Bagaimanapun umat manusia masih terkenang atas letusan Krakatau di Hindia Belanda pada Agustus 1883, memancarkan hujan abu panas, memicu tsunami, meluluhlantakkan kota-kota di sepanjang pesisir, mengubah suhu global, menewaskan ratusan ribu jiwa pendeknya, umat manusia saat itu mengira dunia tengah kiamat. 

Segera setelah apa yang kemudian dikenal sebagai "Ledakan Tunguska", daerah di kawasan sekitarnya mengalami goncangan hebat. Tidak ada korban jiwa lantaran kawasan di sekitar ledakan masih hutan raya meski meratakan sekitar 2.000 kilometer persegi hutan.


Without Summer  

Penyimpangan iklim yang luar biasa terjadi pada tahun 1816 yang menimbulkan pengaruh sangat hebat di Amerika, Kanada dan Eropa. 

Biasanya pada akhir musim semi dan musim panas, cuaca di sana relatif stabil. Namun yang terjadi bulan mei 1816 adalah cuaca dingin yang mematikan. Temperatur yang seharusnya 20-25 Derajat menyusut menjadi dibawah 5 derajat celcius. 

Sahabat anehdidunia.com tanaman rata rata gagal panen, terjadi badai salju sehingga banyak orang yang meninggal kedinginan.

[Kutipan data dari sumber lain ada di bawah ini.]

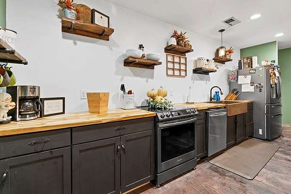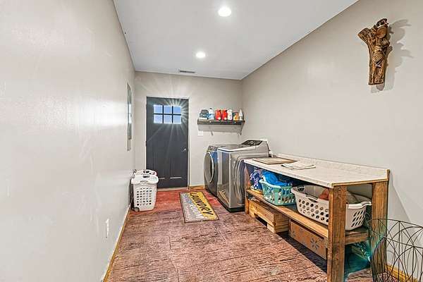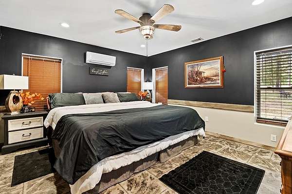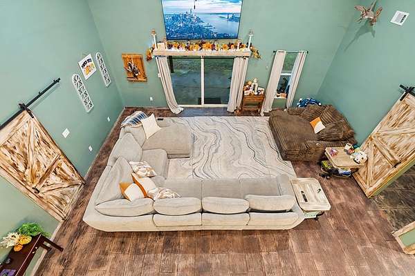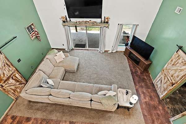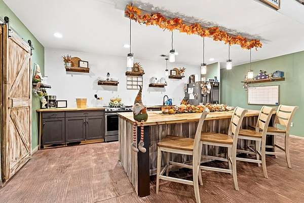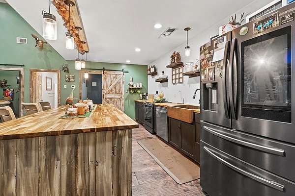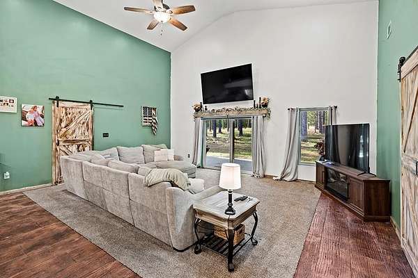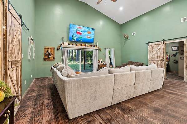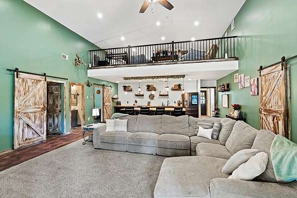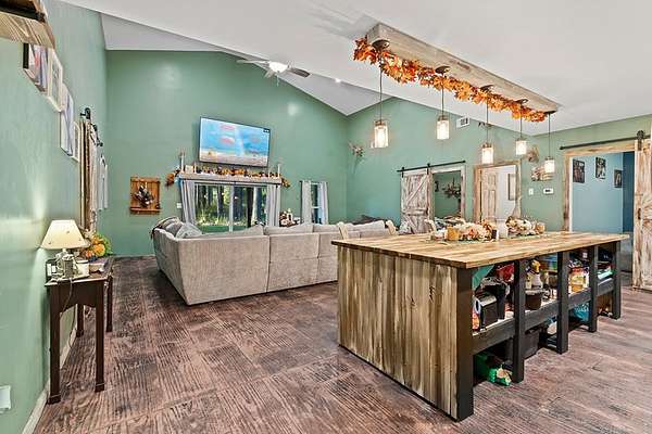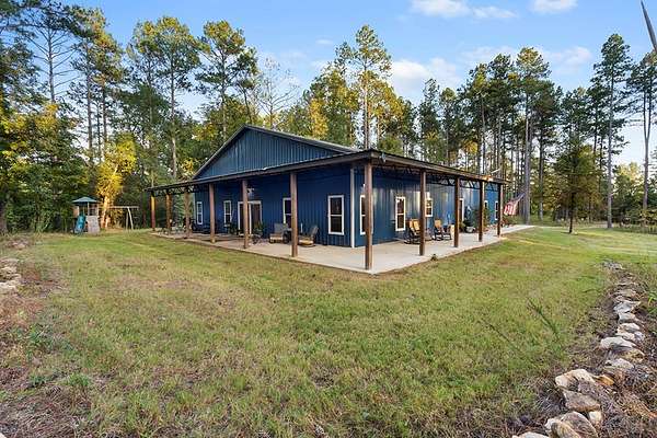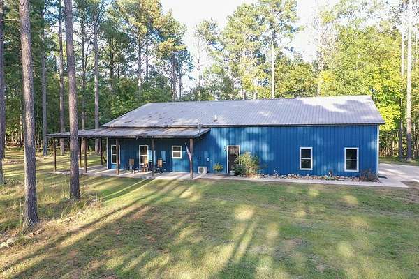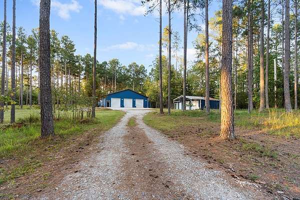 Barndominium Living on 17.30 Acres with Private Neighborhood Lake Access Experience the perfect blend of rustic charm and modern comfort in this 3 bedroom, 3 bath, 2-story barndominium set on 17.30 private acres with exclusive neighborhood lake access just minutes from your door. Inside, soaring vaulted ceilings, sliding barn doors, and custom stamped concrete floors set the tone for the open-concept living space. The heart of the home is the chef-inspired kitchen, complete with a massive butcher-block island, farmhouse sink, open shelving, and a huge walk-in pantry — a dream setup for entertaining and everyday living alike. The primary suite is a private retreat, featuring a spa-style bathroom with a freestanding soaking tub, double vanity, and a huge walk-in closet. The second bedroom also includes its own oversized walk-in closet, making storage effortless. Upstairs, the loft living area overlooks the great room and showcases a huge catwalk-style storage system built directly into the walls, providing an abundance of hidden storage unlike anything you'll find in a typical home. Additional highlights include a large laundry/mudroom and multiple full baths that add comfort and convenience throughout. Step outside and enjoy true country living: Wrap-around porch for relaxing mornings and sunsets Oversized 3-car garage + separate workshop for tools, toys, or a business setup 17.30 acres of private land for trails, hunting, gardening, or expansion Exclusive neighborhood lake access for boating, fishing, and watersports This property isn't just a home — it's a lifestyle. With its unique design, abundant storage, and private lake access, this barndominium is ready to welcome its next chapter.

Pada saat itu tidak ada yang mengetahui apa yang sedang terjadi. Matahari selalu menghilang, kelaparan dimana-mana, lonjakan harga serta iklim yang drastis. 

Rumor setempat sempat mengabarkan bahwa matahari akan menghilang dari bumi dan sebagian besar mempercayai bahwa hari kiamat telah tiba sehingga mereka menyerah dan menunggu datangnya apocalypse.

Yang sebenanya terjadi adalah karena dampak dari letusan Gunung Tambora yang terjadi pada tanggal 5 April 1815. 

Tambora murka membentuk tiga lajur api yang mengubah seluruh pegunungan jadi aliran api. Batuan apung berdiameter 20 meter mulai menghujani sisi gunung, diikuti dengan hujan abu memusnahkan peradaban di sekitarnya, dan tiga kerajaan besar: Kerajaan Sanggar, Tambora, dan Pekat.

Debu dan partikel vulkanik yang terlempar puluhan kilometer rupanya mulai memengaruhi iklim Bumi. Selama berbulan-bulan, abu tertahan di atmosfer dan menghalangi sinar Matahari, menjadikan wilayah Eropa dan Amerika Utara, tetap dingin, suhu turun sekitar tiga derajat celsius meski saat itu, terhitung musim panas. Krisis dan kelaparan hebat pun terjadi. 

Tumbuhan layu dan mati kering, sementara banyak hewan kehilangan “santapan” mereka. Jutaan orang hidup sulit, kedinginan, dan kelaparan.